– Проходи, отче Феофаний, садись со мной. – Указал глазами место напротив. – Принимаешь ли ты скоромное?
Грек улыбнулся, ответил по-русски:
– Богомазам, государь, как и попам, сие дозволено, ибо среди мирских людей вращаемся. Но я поужинал, слава богу.
– Тогда испей со мной – тут квас, тут – меды, тут – вино. Бери кувшин, наливай сам, чего пожелаешь. Я, когда один, стольников и кравчих не держу в трапезной. Уж не обессудь.
Грек снова улыбнулся, налил себе в кружку мед.
– Видал я твою работу, отче Феофаний. Изрядно.
– То лишь проба, государь, одна из многих. – Феофан перешел на греческий, догадавшись, что князю доставляет удовольствие поговорить на его языке.
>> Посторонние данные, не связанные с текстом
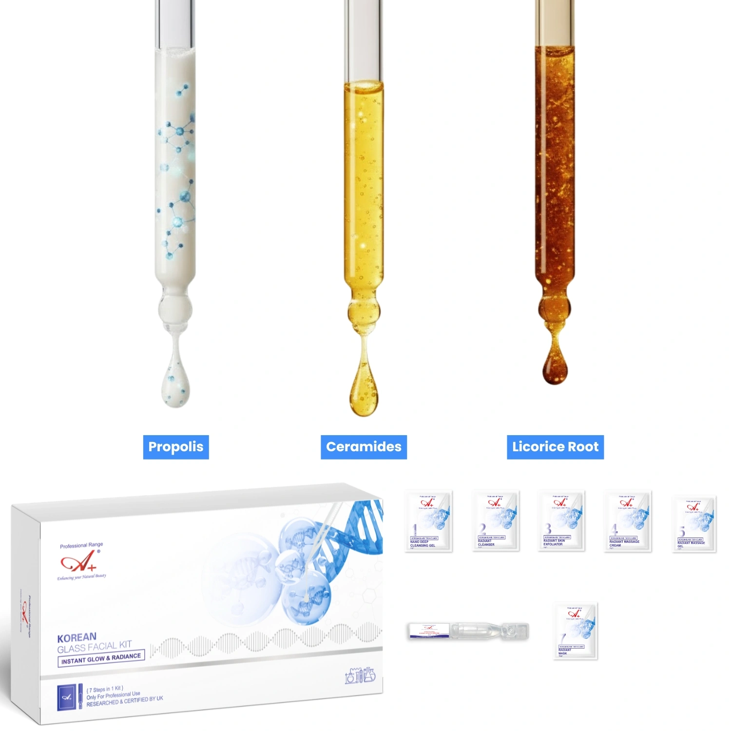 A+ Korean Glass Monodose Facial Kit | Single Use, 7 Steps – 145 gm

– Жалко, но работу придется тебе отложить. Москва садится в осаду. Государь уходит нынче в ночь, я – завтра. Тебе негоже оставаться здесь. Вот соберем войско, выбьем Тохтамыша в степь, тогда и распишешь терем. Пока в Новгород, что ли, возвращайся, а хочешь – ступай со мной в Волок-Ламский.
– Долго ли Москве быть в осаде, государь?
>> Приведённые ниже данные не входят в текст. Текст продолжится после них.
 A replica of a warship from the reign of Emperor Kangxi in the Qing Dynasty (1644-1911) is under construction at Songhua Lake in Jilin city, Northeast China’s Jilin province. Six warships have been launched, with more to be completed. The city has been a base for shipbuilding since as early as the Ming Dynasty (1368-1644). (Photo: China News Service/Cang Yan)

– Кто знает? Да и в недобрый час попадешь под стрелу или под камень катапульты. Уходи завтра же, отче.
– Пойду я в Троицу, к Сергию. Давно уж собирался. Говорят, татары святых обителей не трогают?
– Не трогали. До Куликовской сечи.
Грек помолчал, осторожно заговорил:
– Поиздержался я, Владимир Андреевич. Деньги есть у меня в Новгороде, у Святой Софии на сохранении. Да время такое – не скоро до них доберешься.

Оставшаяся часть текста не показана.